Here's an example showing that $S$ is not always a finite union of algebraic sets. Let $Z$ be the zero locus of the single polynomial $x_1x_2 - 1$. Then $S = \mathbb{A}^1\setminus \{0\}$.

What is true is that $S$ is always a finite union of sets defined by finitely many polynomial equations (basic Zariski closed sets) and negated equations (basic Zariski open sets). Such a set is called a constructible set, and the fact that the projection of a Zariski-closed set (or more generally a constructible set) is a constructible set is known as Chevalley's theorem in algebraic geometry.

The $S$ in the example above is defined by the single negated equation $x_1\neq 0$.

As a logician, I prefer to think of this in terms of quantifier-elimination in the theory of algebraically closed fields. This result, due to Tarski, says that a subset of $K^n$ ($K$ algebraically closed) defined by a first-order formula (built up from polynomial equations by finite Boolean combinations and quantifiers) can actually be defined without quantifiers. The set $S$ in your question is defined by the first-order formula $$\exists x_n\, \bigwedge_{i = 1}^k f_i(x_1,\dots,x_n) = 0.$$

Putting the quantifier-free formula we get from quantifier-elimination in disjunctive normal form, it looks like $$\bigvee_{i = 1}^n \bigwedge_{j = 1}^m \varphi_{ij}(\overline{x}),$$ where each $\varphi_{ij}(\overline{x})$ is $p_{ij}(\overline{x}) = 0$ or $p_{ij}(\overline{x})\neq 0$ for some polynomial $p_{ij}$. This is explicitly a finite union of sets defined by finitely many polynomial equations and negated equations.

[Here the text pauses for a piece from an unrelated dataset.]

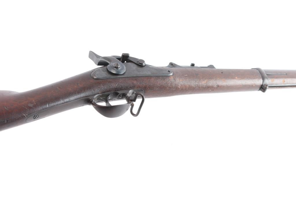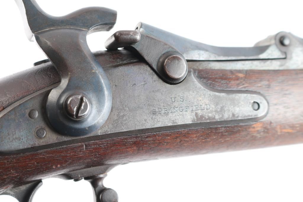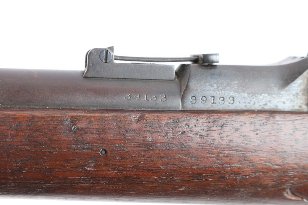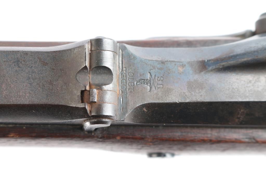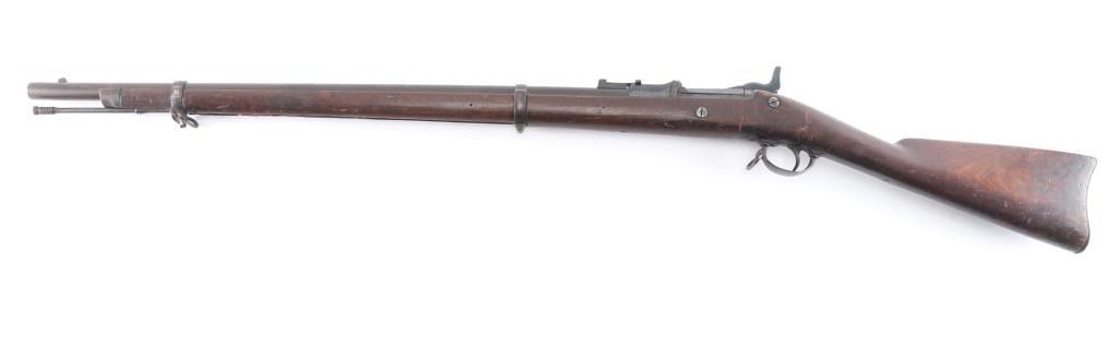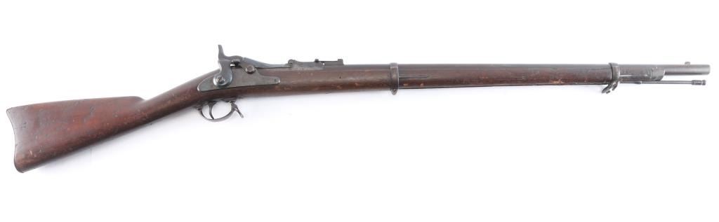 SN: 39133. U.S. Springfield Trapdoor Cadet 1863/1870 Conversion In .50-70. Single shot "Trapdoor" US military rifle. Has Model 1870 features including arched underside of breech bolt, has matching numbered barrel and receiver, as well as "Model 1870" dated breech bolt (over eagle head. crossed arrows over "US"). Blued finish, 28 2/4" barrel, blade front sight, folding elevator rear sight almost up against the receiver, sling swivels, stacking swivel, 1868 cleaning rod. "1864" dated lock plate. "U.S." stamped buttplate tang, "11" stamped in right buttstock, feint "P" in circle behind triggerguard. Bore is fair, good rifling some scattered light pitting. Metal surfaces are mostly patina brown, with some original blue finish on the receiver, breech block, hammer and lock plate. Wood is good/sound condition, with scratches and scrapes. Action is sound and the markings are clear/readable.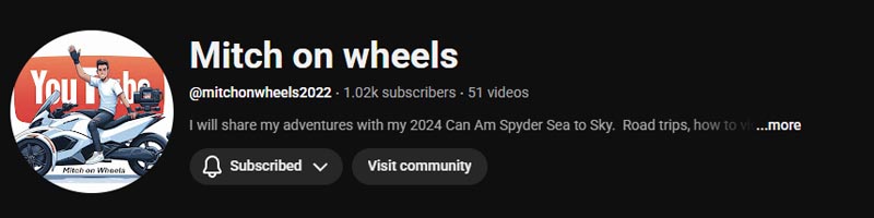 Based in the USA, this is a personal vlog mostly about the experience of a Can‑Am Spyder owner (Mitch), featuring some trips, tips, and reports of problems and solutions he has encountered.

The operation is called projection. Tbe first-order theory of the complex field (which is the same as the first-order theory of algebraically closed fields of characteristic $0$) admits quantifier elimination. This means that $\exists x_n (x_1, \ldots, x_n) \in Z$ is equivalent to a propositional combination of primitive formulas of the form $p_j(x_1, \ldots, x_n) = 0$ for some finite set of polynomials $p_j$. Hence $A$ can be obtained from a finite set of algebraic sets using union, intersection and complement.

[Aside: analogous results hold over the real field, in which case the definable sets are called semi-algebraic sets and the primitive formulas also include formulas of the form $p_j(x_1, \ldots, x_n) > 0$].